Tribal leaders in Montana, the U.S. and Canada say Wyoming’s unanimous decision to hunt up to 22 grizzly bears outside Yellowstone and Grand Teton National Parks this year strikes a devastating blow to tribal communities.
On a press conference call Wednesday, tribal leaders said they were not adequately consulted about management of an animal they consider sacred.
Tom Rodgers is a lobbyist and member of the Blackfeet Tribe in Montana. He called on Montana’s Senators Steve Daines and Jon Tester to do what he called the right thing.
"Today we're calling upon you, our elected representatives, to demonstrate the moral courage and set aside the ego of people who would seek to hunt and kill these sacred beings.

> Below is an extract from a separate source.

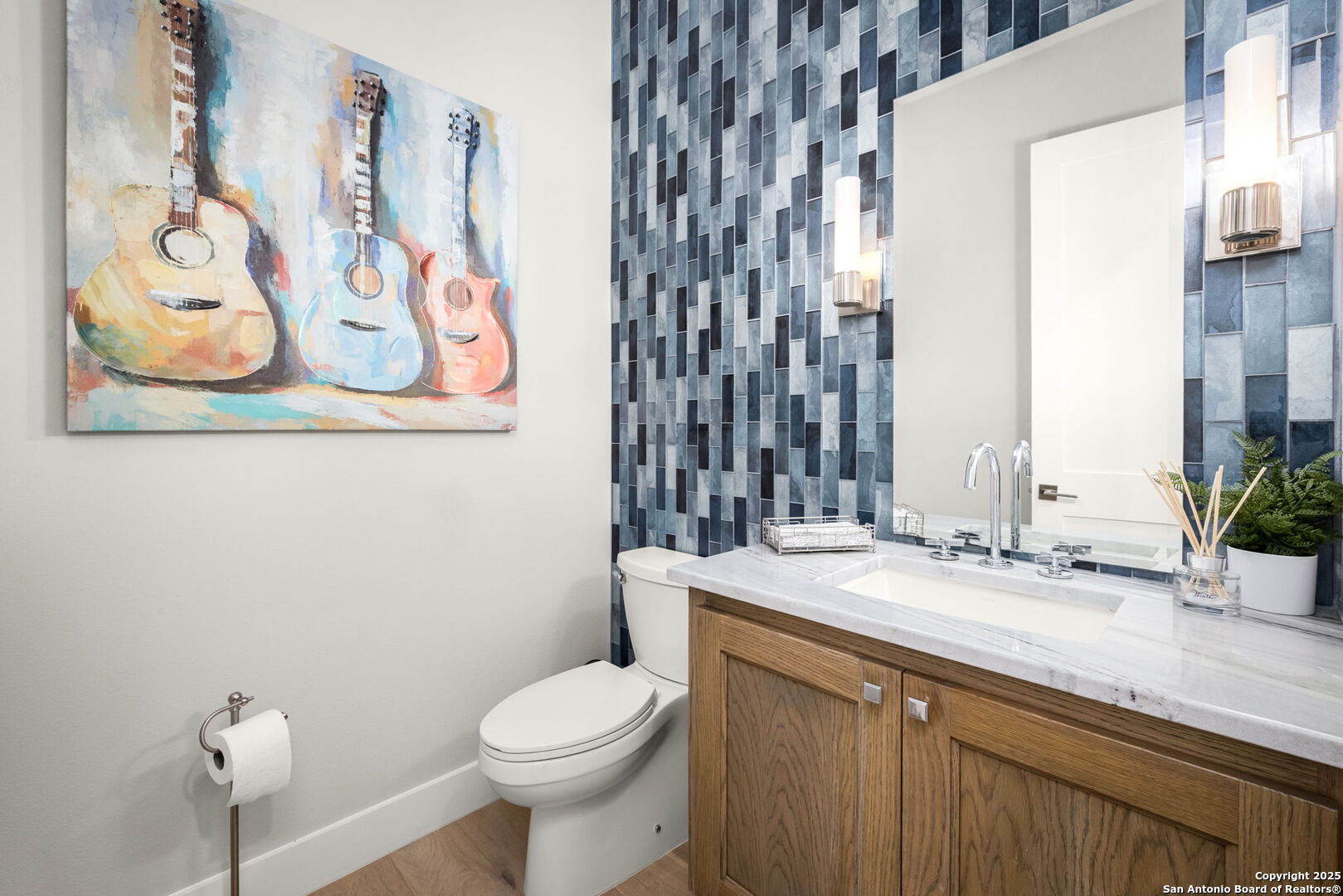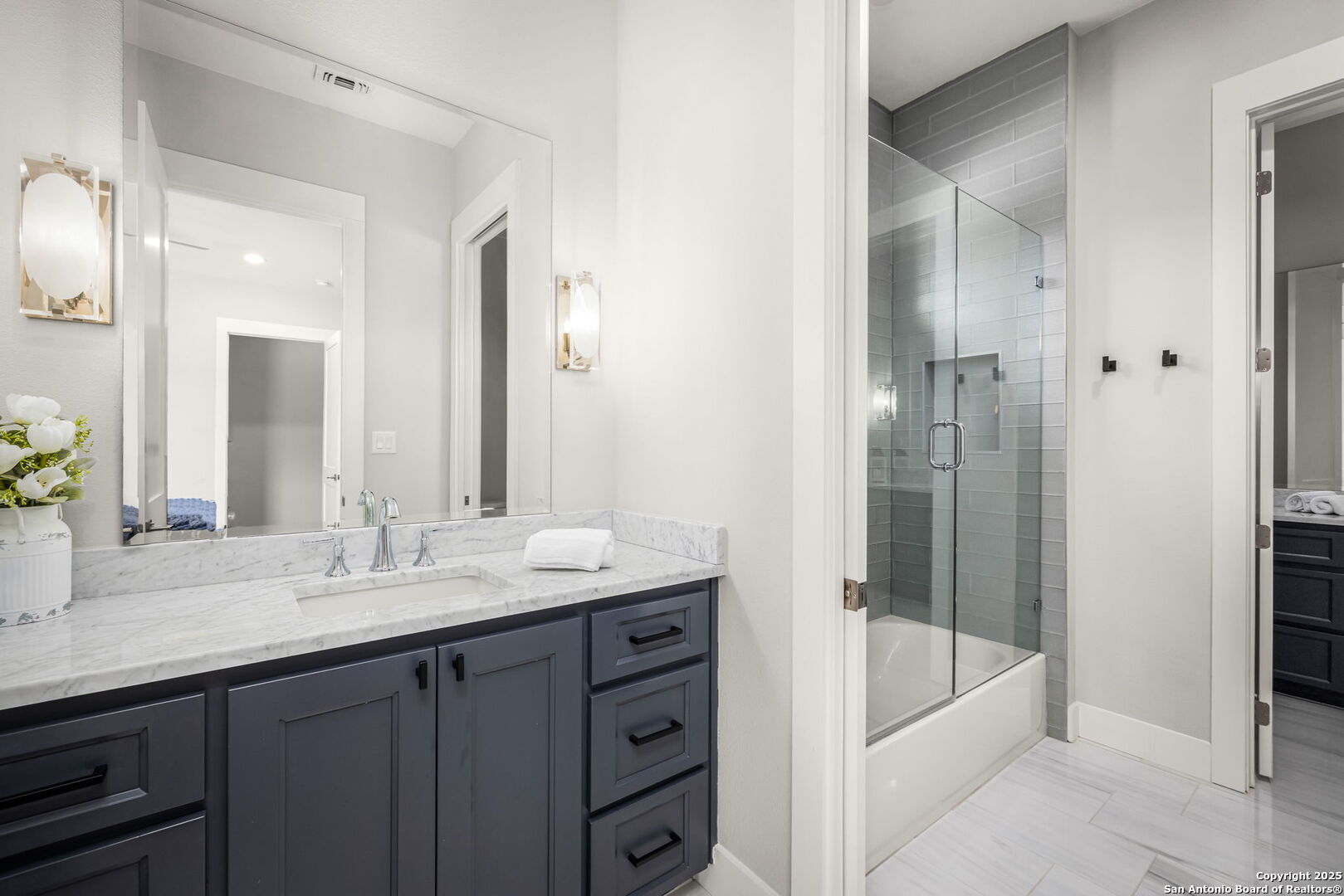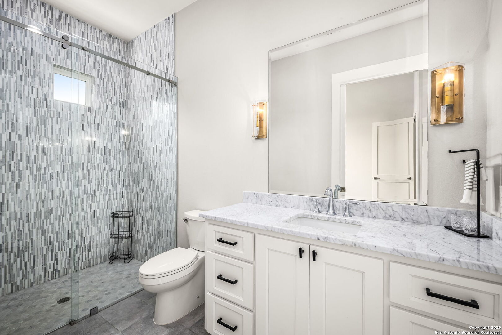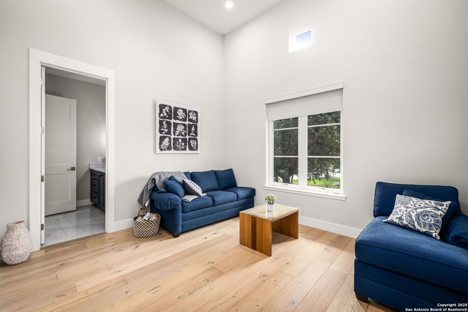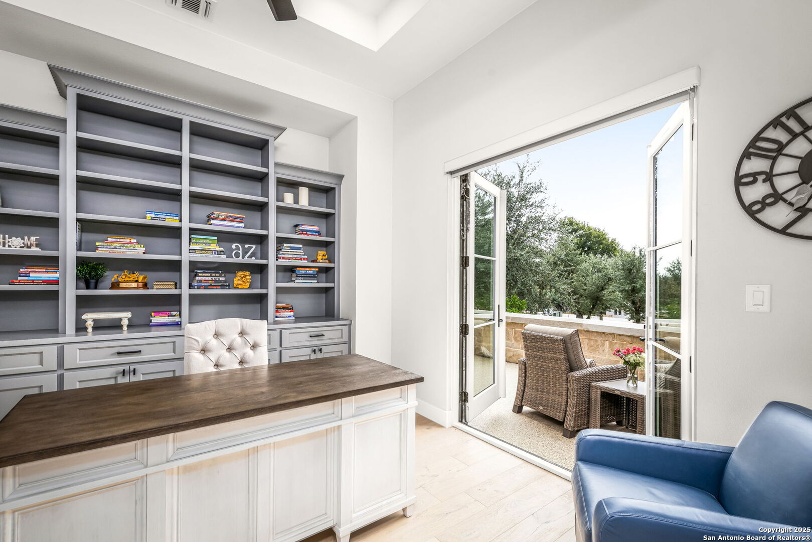 Hill Country Living, Elevated! Luxury and modern touches come together in this custom one-story home in Vintage Oaks. Behind the iron and glass pivot door, white oak floors flow through an open design where a stone fireplace, wood beams, and retractable glass doors create a seamless blend of indoor and outdoor living. The chef's kitchen impresses with Viking appliances, dual islands, and abundant cabinetry, while the master retreat offers private outdoor access and a spa-like bath featuring a walk-through shower, marble accents and soaking tub. A guest suite and Jack-and-Jill bedrooms ensure comfort for family and friends. Outdoors, enjoy a covered patio with fireplace and grill, a fully landscaped yard, and an oversized three-car garage. From quiet mornings to evenings under the Hill Country sky, this home invites you to embrace a lifestyle of beauty and ease.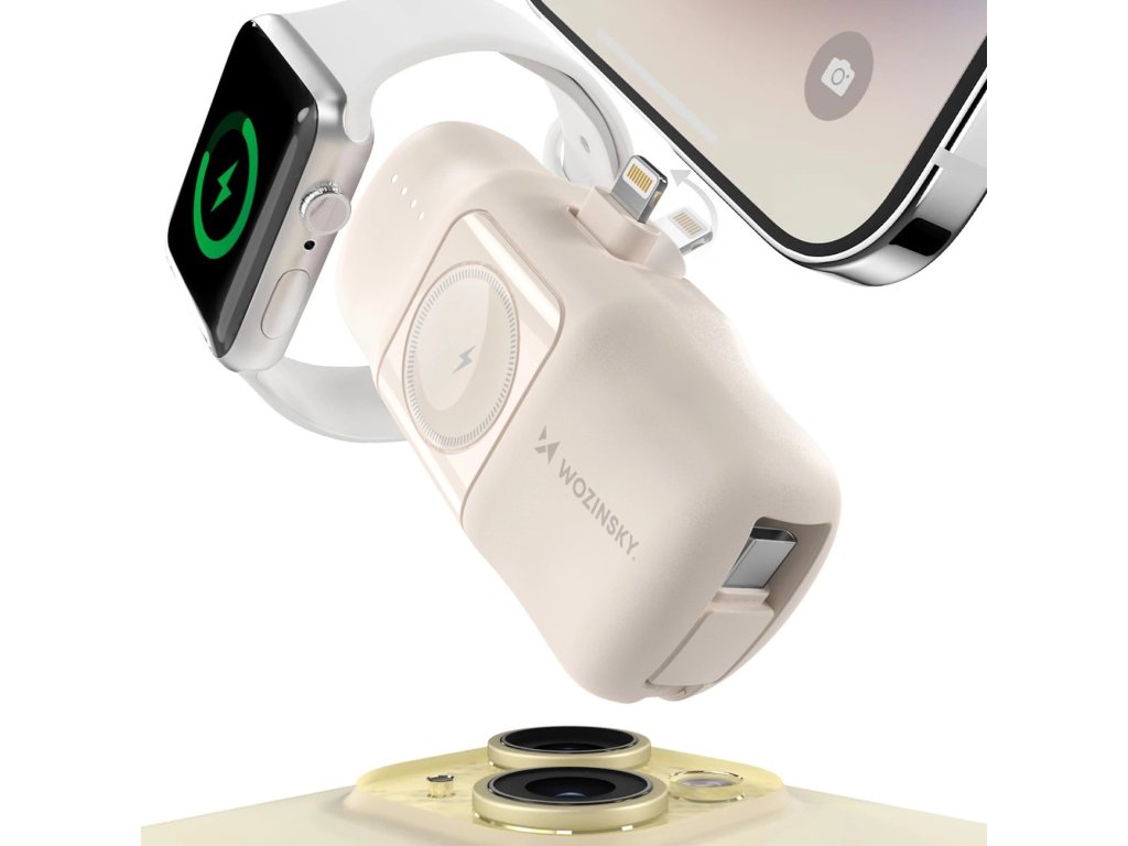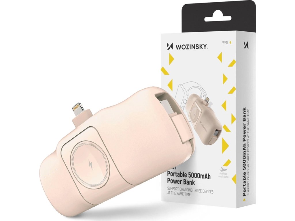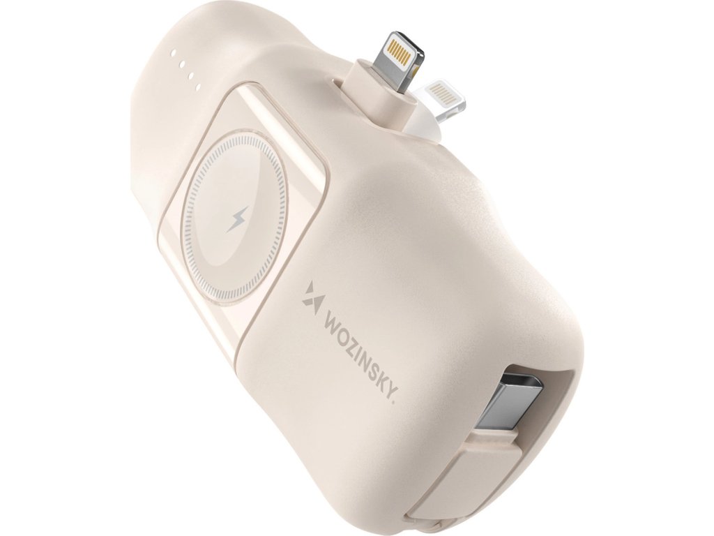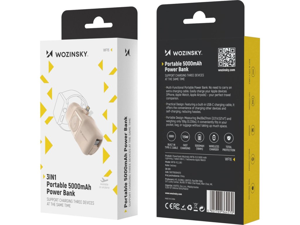 Wozinsky WF16-YLS 5000mAh 15W Lightning Mini Power Bank so vstavaným káblom USB-C a nabíjačkou pre Apple Watch - béžová

Because that's what it is. There is no glory and honor, no glory and honor, in killing a grizzly," Rodgers said.
The U.S. Fish and Wildlife Service removed federal Endangered Species Act protections for grizzlies in the Greater Yellowstone Ecosystem last year, leaving Wyoming, Montana and Idaho in charge of the animals’ future management. Montana declined to institute a hunt this year. Idaho will offer a single grizzly bear tag this fall.
Brandon Sazue, Chairman of the Crow Creek Sioux Tribe in South Dakota, said that removing protections for grizzly bears could open up treaty and traditional lands for new oil and gas development.
"Wyoming's trophy hunt is one part of the desecration of the sacred. The other will be extractive industry moving into sacred tribal lands here, now that restrictions have been lifted on land usage and leases by removing the grizzly bears' ESA status."
Sazue also worries that hunting Yellowstone area bears could affect grizzlies in the Northern Continental Divide Ecosystem. The U.S. Fish and Wildlife Service is considering removing protections for those bears later this year.
"What you are going to end up with is, essentially, zoo populations which are genetically isolated from one another. As soon as this trophy hunt starts, that's the end of any possible linkage between those two populations," Sazue said.
Wildlife managers disagree that the hunt will threaten their goal for connectivity between Yellowstone and Northern Continental Divide grizzly populations.
Sazue added that 170 tribes have signed onto a treaty that suggests relocating excess bears to tribal lands instead of using hunting as a tool for population management.
Conservationists have expressed both support and opposition to the hunt.
Some say that hunting is a necessary management tool that grows support for large carnivores. Ranchers also said hunting bears can limit cattle and livestock depredation.
Others say the grizzly population is still too delicate and poorly understood to support a hunt, and that hunting would not reduce conflicts or distribute the population.
Wyoming’s fall hunt will run from September 15 through November 15. Licenses will cost $600 for Wyoming residents and $6,000 for out-of-staters.
There are an estimated 700 bears in the area, up from 136 when grizzlies were listed as an threatened species in 1975.